Roach’s immediate skepticism is readily apparent in all of her encounters, but she is willing to keep a partially open mind (most of the time). It’s very hard to keep a straight face when you’re sitting in a class, learning how to become a medium for ghosts when you don’t have a firm hold of your own beliefs. Coming at this from the cold light of science is the rational thing to do. Her humor is brilliant, however. There were many times when I had to stifle laughter (in public) for fear being labeled “a nutter.”

I honestly think this book has something for everyone. If you whole-heartedly believe in the soul, then you should be excited to see that there are scientific minds at work trying to prove it. And if you don’t, then you can laugh and enjoy the blow-by-blow account of all the weird articles published by the Society of Psychical Research. After reading her earlier book Stiff, I am looking forward to her other two.

427: Wicked Good Words by Mim Harrison

427.973: Harrison, Mim. Wicked Good Words: From Johnnycakes to Jug Handles, A Roundup of America’s Regionalisms. New York: Perigee, 2011. 166 pp. ISBN 978-0-399-53676-2.

One of the hardest subjects to read about is language. These books tend to be stuffy timelines of influences and subject-verb constructions that are as soporific as C-SPAN. The 400s (language) are full of these duds. One of the serendipitous by-products of this problem is that when a good book on language comes out, it seems that much better than its counterparts.

Mim Harrison’s Wicked Good Words is a member of the second group. First off, if you’re going to put together a book of zany regional colloquialisms, it helps to be named Mim. Second off, some of these come way out of left field.

Her book is appropriately sectioned by region. The chapter on New England has the prerequisite “wicked” (for “good”), but also contains “fence viewer” (a person with a cushy, unnecessary job) and “American chop suey” (a mixture of  macaroni noodles, ground beef, and tomato sauce). Harrison goes through the Midwest, the South, the Southwest, and so on. Some of the entries make a lot of sense, but others take a more tortuous historical route to the present. Harrison

Also hidden among the regional constructions are asides on a single trope. She has a couple of pages on American greetings (“Hi”, “Howdy”, “Hey!”) and what to call a carbonated beverage (“pop”, “soda”, “tonic”, etc.). There’s even three pages on death eupemisms (“bought the farm”, “gone to Boot Hill”, “passed”).
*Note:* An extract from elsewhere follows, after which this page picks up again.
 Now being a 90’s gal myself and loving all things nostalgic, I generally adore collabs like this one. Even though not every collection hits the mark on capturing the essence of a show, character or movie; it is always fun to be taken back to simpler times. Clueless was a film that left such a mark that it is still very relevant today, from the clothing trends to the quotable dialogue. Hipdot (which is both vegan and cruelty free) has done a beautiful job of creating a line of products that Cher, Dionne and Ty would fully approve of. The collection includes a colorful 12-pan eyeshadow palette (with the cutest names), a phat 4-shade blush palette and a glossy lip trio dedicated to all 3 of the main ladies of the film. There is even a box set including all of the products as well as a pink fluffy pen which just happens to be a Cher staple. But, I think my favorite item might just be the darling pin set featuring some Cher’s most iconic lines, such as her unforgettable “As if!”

All in all, it’s a fun book that you can read in a couple of hours. It can also double a decent bathroom reader.

919: The Ice Museum by Joanna Kavenna

919: Kavenna, Joanna. The Ice Museum: In Search of the Lost Land of Thule. New York: Viking, 2006. 291 pp. ISBN 0-670-03473-8.

For the first book, we start with a number way down at the bottom (or end) of the listing. The 900s cover geography and history; 910s specifically cover geography and travel books. Since the DDC is so wonderfully predictable, and countries or areas of the world are always put in order the same way, the last section is always the catch-all for “other parts of the world”. 499 is languages of other parts of the world, 319 is general collection of statistics of other parts of the world. And here, 919 is geography and travel in other parts of the world.
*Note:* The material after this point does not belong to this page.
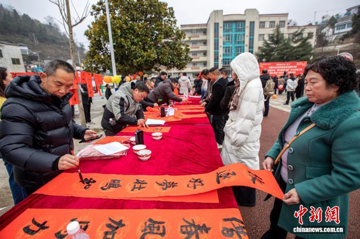 图为2月12日,贵州省黔西市定新彝族苗族乡迎春活动现场,村民在选春联。史开心 摄

Pytheas was an ancient Greek geographer and explorer. He made his way from Greece, out of the Mediterranean Sea, up the coast to Europe, and circumnavigated Britain. In his travels around Britain, he mentioned a land named Thule, an interesting land where the sun sets and semi-mythical occurrences abound. Unfortunately, his navigational journals do not give modern-day explorers much certainty as to where Thule was, so throughout the ages, explorers have sought out clues to its location in an effort to reconnect with the men of the past.

Joanna Kavenna goes on such a quest. Her book, The Ice Museum: In Search of the Lost Land of Thule, is a journey through all the places (and events) supposed to be Thule. One day, while contemplating her life in London, she decides to quit and seek out the Arctic adventure she’d dreamed about in her youth. Her path takes her from Scotland to Shetland to Iceland to Norway. From there, she goes to Estonia, then to Greenland, and lastly to Svalbard.

At each locale, she dutifully records her impressions of the landscape and the people, sometimes assuming a more cynical tone than most. She takes the writings of past explorers with her and gives the reader a wonderful sense of adventure that Sir Richard Burton and Fridtjof Nansen experiences on their journeys to the north.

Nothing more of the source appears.